Aligos Therapeutics, Inc. today announced that it has entered into a securities purchase agreement for a private placement that is expected to result in gross proceeds of approximately $92 million, before deducting placement agent fees and other expenses, to advance its portfolio of drug candidates.
Proceeds expected to fund the following:
- NASH (ALG-055009): top line data from Phase 2a study (Q4 2024)

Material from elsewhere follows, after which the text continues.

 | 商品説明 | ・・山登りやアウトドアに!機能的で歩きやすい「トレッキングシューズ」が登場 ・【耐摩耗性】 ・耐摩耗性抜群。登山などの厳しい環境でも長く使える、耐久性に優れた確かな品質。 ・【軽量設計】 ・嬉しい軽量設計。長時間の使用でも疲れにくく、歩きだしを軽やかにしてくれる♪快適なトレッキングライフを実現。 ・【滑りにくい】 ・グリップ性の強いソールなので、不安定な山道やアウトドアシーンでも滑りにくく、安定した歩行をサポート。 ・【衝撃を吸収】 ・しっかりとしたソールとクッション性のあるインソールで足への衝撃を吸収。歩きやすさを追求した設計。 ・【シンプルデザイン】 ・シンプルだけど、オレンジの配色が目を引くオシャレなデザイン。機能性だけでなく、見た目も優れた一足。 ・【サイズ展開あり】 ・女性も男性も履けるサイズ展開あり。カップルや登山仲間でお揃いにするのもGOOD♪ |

- Hepatitis B/CAM-E (ALG-000184): Phase 2 enabling activities (H2 2024)
- Funding expected to extend cash runway through end of 2025
SOUTH SAN FRANCISCO, Calif., Oct. 23, 2023 (GLOBE NEWSWIRE) -- Aligos Therapeutics, Inc. (Nasdaq: ALGS), a clinical stage biopharmaceutical company focused on developing novel therapeutics to address unmet medical needs in liver and viral diseases, today announced that it has entered into a securities purchase agreement for a private placement that is expected to result in gross proceeds of approximately $92 million, before deducting placement agent fees and other expenses, to advance its portfolio of drug candidates.
The private placement is being led by a life sciences dedicated investment firm with participation from other new and existing institutional investors including Armistice Capital, Deep Track Capital, EcoR1 Capital and Roche Venture Fund, among others. Also participating in the private placement are certain members of the company’s Board of Directors, including Lawrence M. Blatt, Ph.D., M.B.A, the company’s Chairman and Chief Executive Officer.

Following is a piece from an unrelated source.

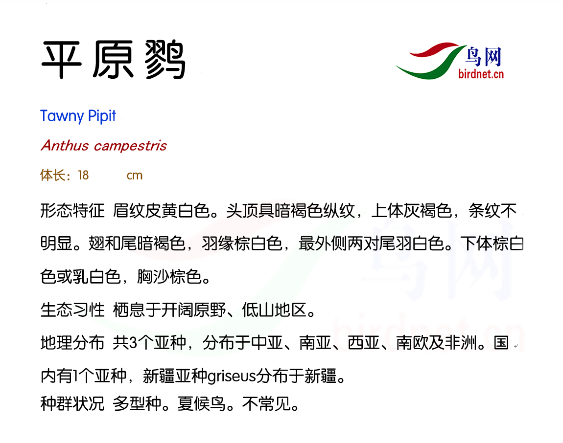 鸟种目科:雀形目 > - 鹡鸰科 > - 平原鹨

Aligos currently expects to use the net proceeds from the private placement, together with its existing cash, cash equivalents and investments, to fund the continued advancement of its Phase 2a NASH, ALG-055009 study evaluating its thyroid hormone receptor beta agonist, its CAM-E candidate, ALG-000184, as well as to fund discovery and research to broaden its pipeline of drug candidates, and for other general corporate purposes.
Aligos believes its cash, cash equivalents and investments, including the expected net proceeds from the private placement, will provide sufficient funding of planned operations through the end of 2025.

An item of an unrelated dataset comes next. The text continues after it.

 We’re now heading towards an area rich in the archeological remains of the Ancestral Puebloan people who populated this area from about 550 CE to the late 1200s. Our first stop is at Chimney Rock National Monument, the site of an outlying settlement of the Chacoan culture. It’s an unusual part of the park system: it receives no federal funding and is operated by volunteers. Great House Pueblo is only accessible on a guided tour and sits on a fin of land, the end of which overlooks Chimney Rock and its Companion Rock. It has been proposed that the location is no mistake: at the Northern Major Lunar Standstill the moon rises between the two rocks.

In the private placement, Aligos is selling 31,429,266 shares of common stock, pre-funded warrants to purchase up to 81,054,686 shares of common stock and accompanying warrants to purchase up to 56,241,973 shares of common stock, at a combined price of $0.8193 per share of common stock and accompanying warrant and $0.8192 per pre-funded warrant and accompanying warrant. Each pre-funded warrant will have a nominal exercise price of $0.0001 per share of common stock, will be immediately exercisable and will be exercisable until exercised in full. The accompanying warrants will have an exercise price of $0.7568 per share of common stock, will be immediately exercisable and will expire on October 25, 2030. The private placement is expected to close on October 25, 2023, subject to the satisfaction of customary closing conditions.
Piper Sandler is acting as sole placement agent for the private placement.
The securities sold in this private placement have not been registered under the Securities Act of 1933, as amended, or applicable state securities laws, and may not be offered or sold in the United States except pursuant to an effective registration statement or an applicable exemption from the registration requirements. Aligos has agreed to file a registration statement with the Securities and Exchange Commission registering the resale of the shares of common stock issued in the private placement and the shares of common stock issuable upon exercise of the pre-funded warrants and the common warrants issued in the private placement.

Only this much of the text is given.